TL;DR style notes from articles I read today.
The traits of serverless architecture
- The initial learning curve is low and hence there is low barrier-to-entry. It lets you on-board quickly without needing to develop server management skills.
- Being hostless, it reduces operational overhead on server maintenance. However, you need to learn different monitoring metrics, non-traditional security issues and the specific limitations of each service.
- Serverless architecture is stateless and helps you scale horizontally. But it makes it hard to use stateful technology such as HTTP sessions or WebSockets.
- You need to learn distributed message delivery methods and the behavior of distributed transactions.
- High availability is offset by less consistency, and each serverless service has its own consistency model.
Full post here, 11 mins read
Serverless best practices
- Make each function do only one thing. Avoid switch statements that make for large, complex functions that don’t scale well.
- Don’t let functions call other functions.
- Learn to use messages and queues to keep functions asynchronous.
- Use as few libraries as possible (ideally none), to avoid slowing down cold starts and to avoid adding security risks.
- One function per route (using HTTP). Avoid the single function proxy as it does not scale well and cannot isolate issues.
- Treat data as flows and not ‘lakes’ at rest. Avoid querying from a lake; you need to rethink your data layer to avoid scaling issues and rigidity of data structures.
Full post here, 7 mins read
Serverless security risks
- Event data injections are really hard to identify & block in serverless architecture.
- Broken authentication is a big risk. There are hundreds of distinct functions, triggers & events that you must provide with the right access control and protection.

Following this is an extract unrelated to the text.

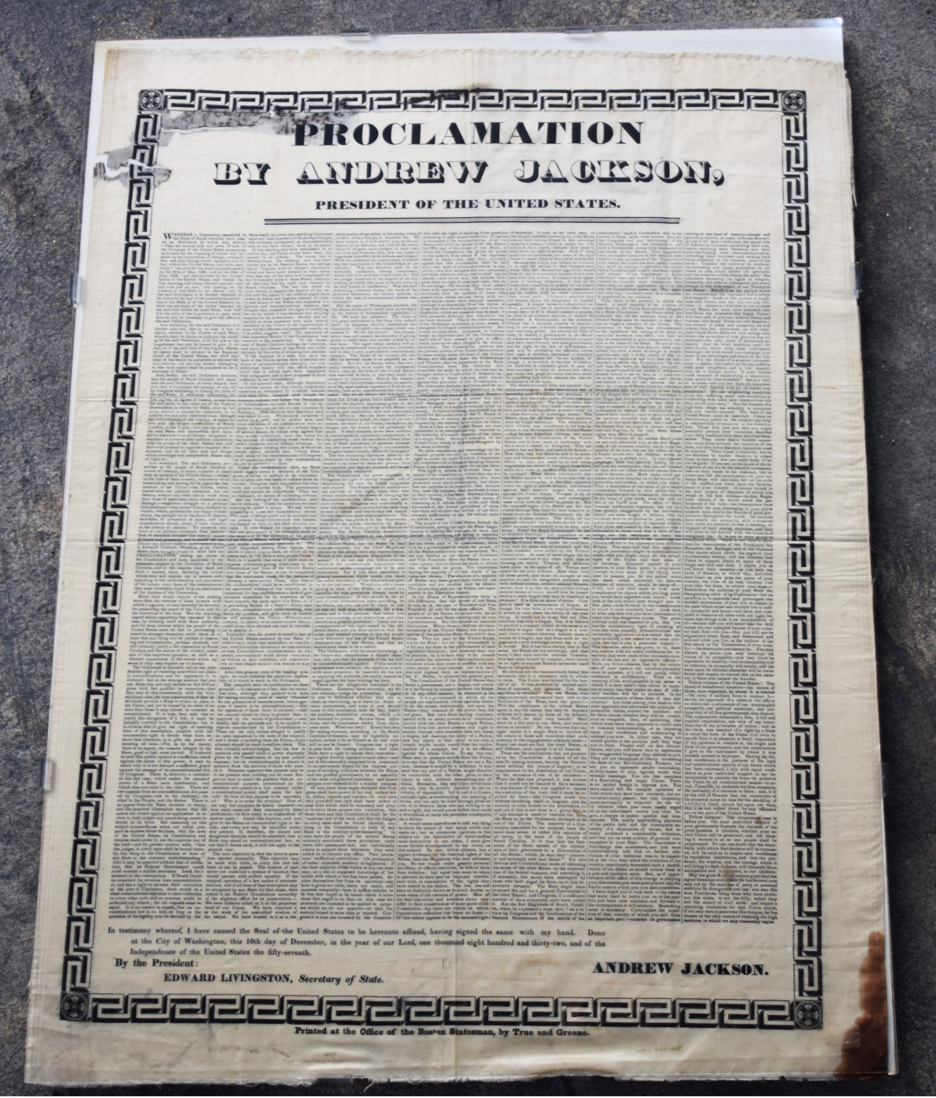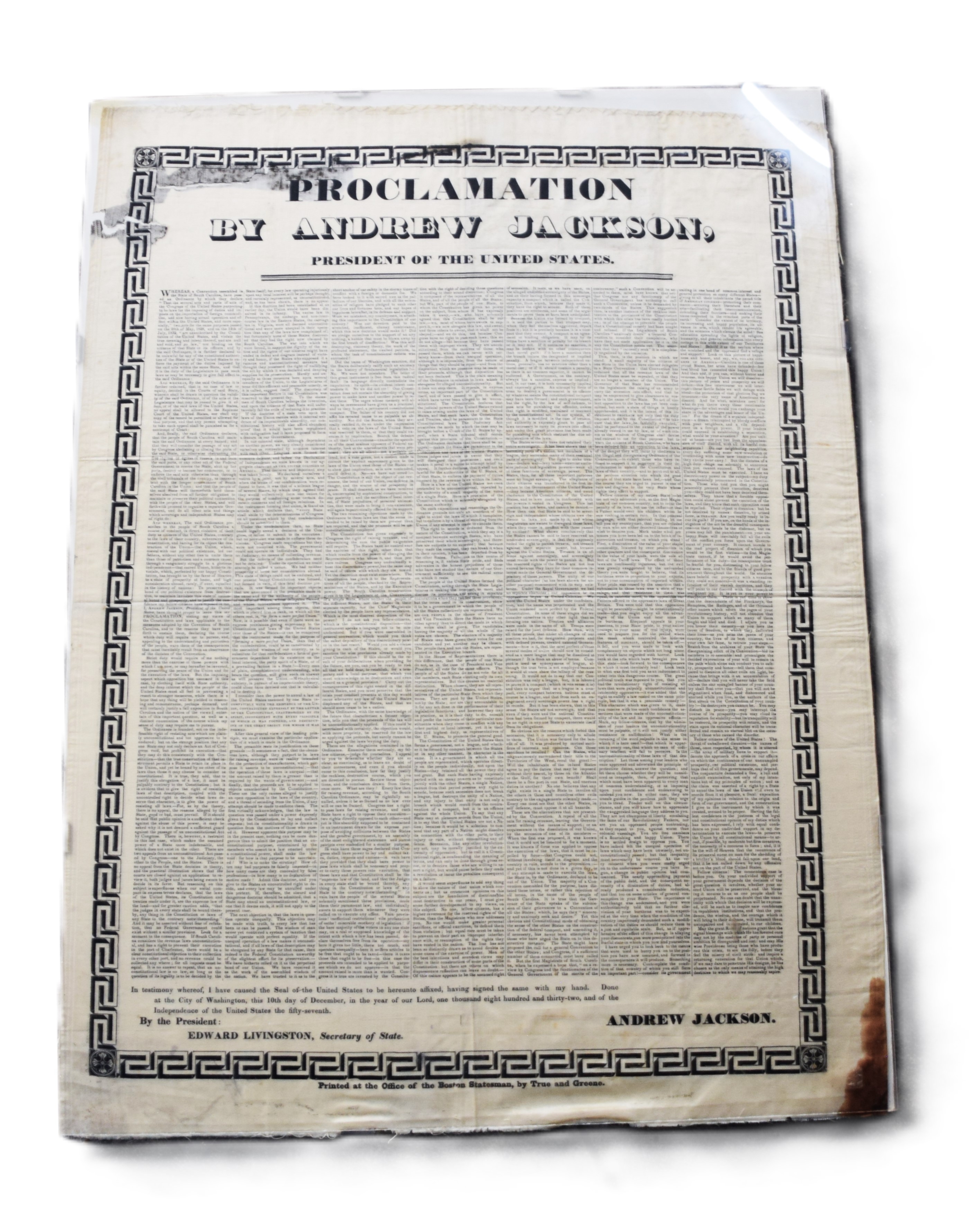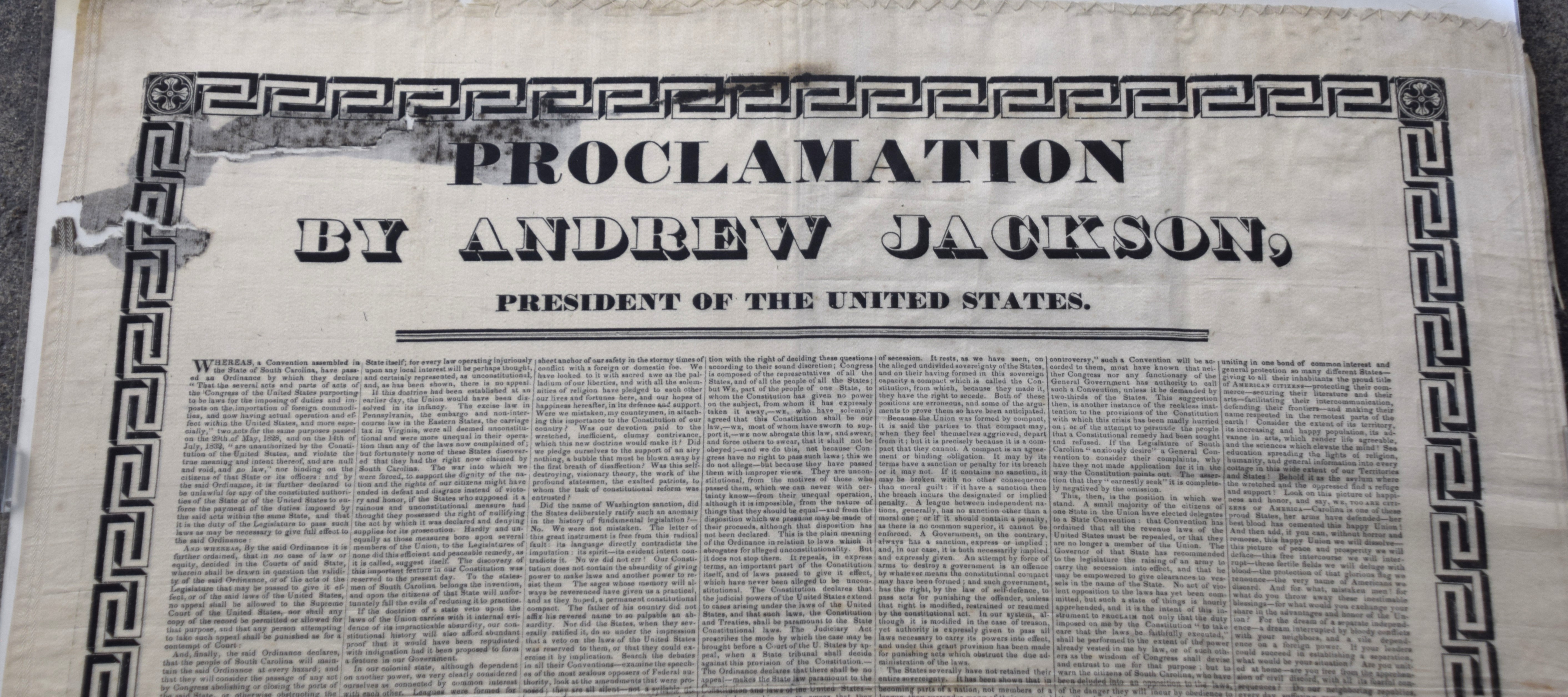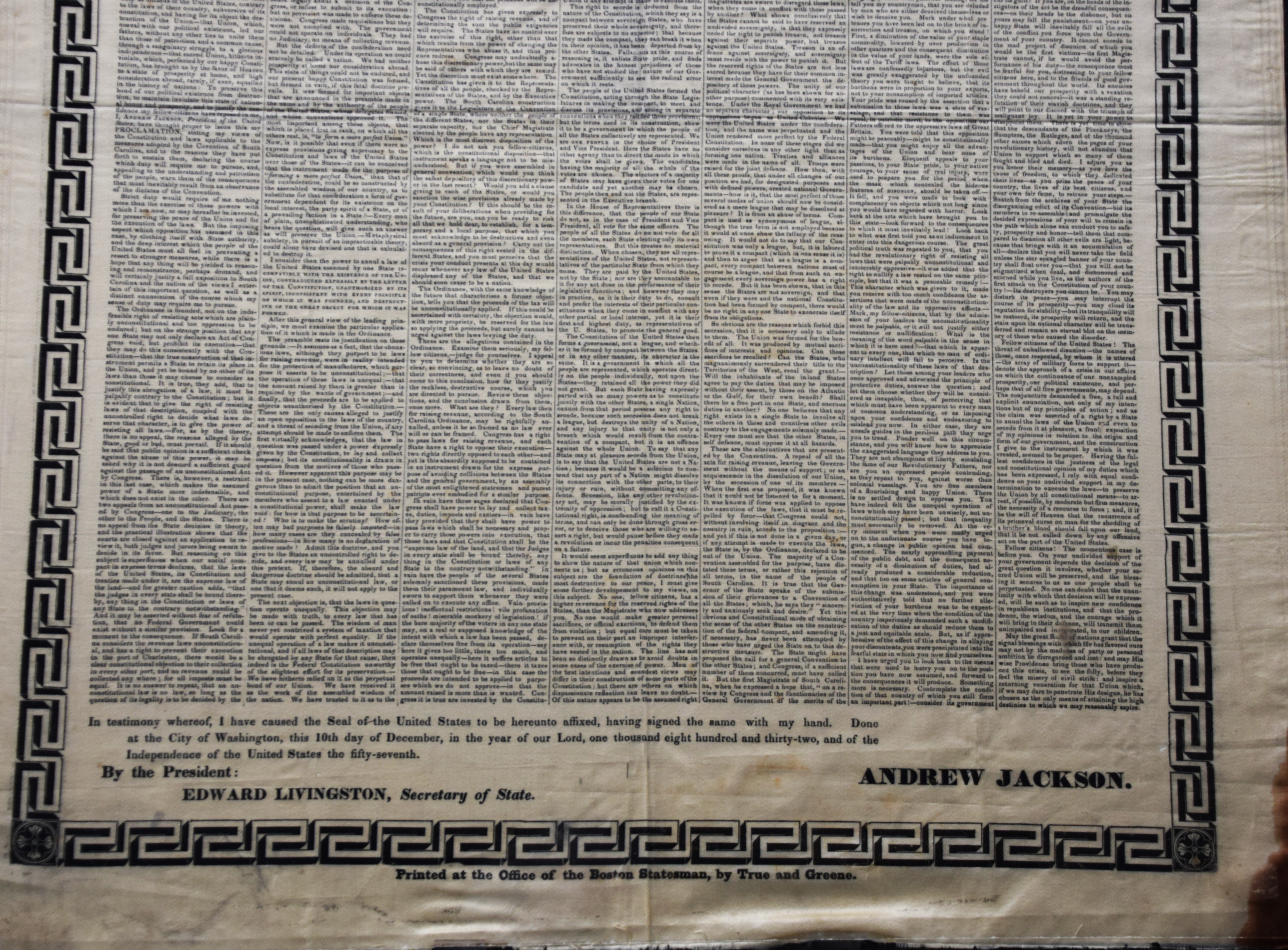 A proclamation on silk by President Andrew Jackson’s to South Carolina during the Nullification crisis of 1832. The Nullification Crisis was a significant conflict between South Carolina and the federal government over tariffs, highlighting tensions between state rights and federal authority, ultimately foreshadowing the Civil War. On December 10, 1832, Jackson issued his “Proclamation to the People of South Carolina,” asserting the supremacy of the federal government and warning that “disunion by armed force is treason.” The proclamation states “The ordinance (nullification) is founded, not on the indefeasible right of resisting acts which are plainly unconstitutional and too oppressive to be endured but on the strange position that any one state may not only declare an act of Congress void but prohibit its execution…” Dimensions: 27″ x 20″

- High degree of settings customization offered in serverless can lead to insecure deployment configurations. Make functions stateless at the design stages to avoid exposing sensitive data.
- Over privileged functions are huge security risks.
- Poor function monitoring and logging. Collect real-time logs from serverless functions and services, and push them to a remote SIEM system.
- Third-party dependencies on web services (through API calls), software packages and open-source libraries.
Full post here, 4 mins read
Top comments (1)
Hi, nice post! You don't really "need to learn distributed message delivery methods and the behavior of distributed transactions", unless you're into microservices.
Although this architectural pattern is common and fits well in serverless computing, it's not a must. If you have a monolithic function, for example, distributed transaction isn't needed.
Using features like Lambda Layers, it's even possible to avoid distributed msgs or transactions while still enjoying some benefits similar to what microservices deliver.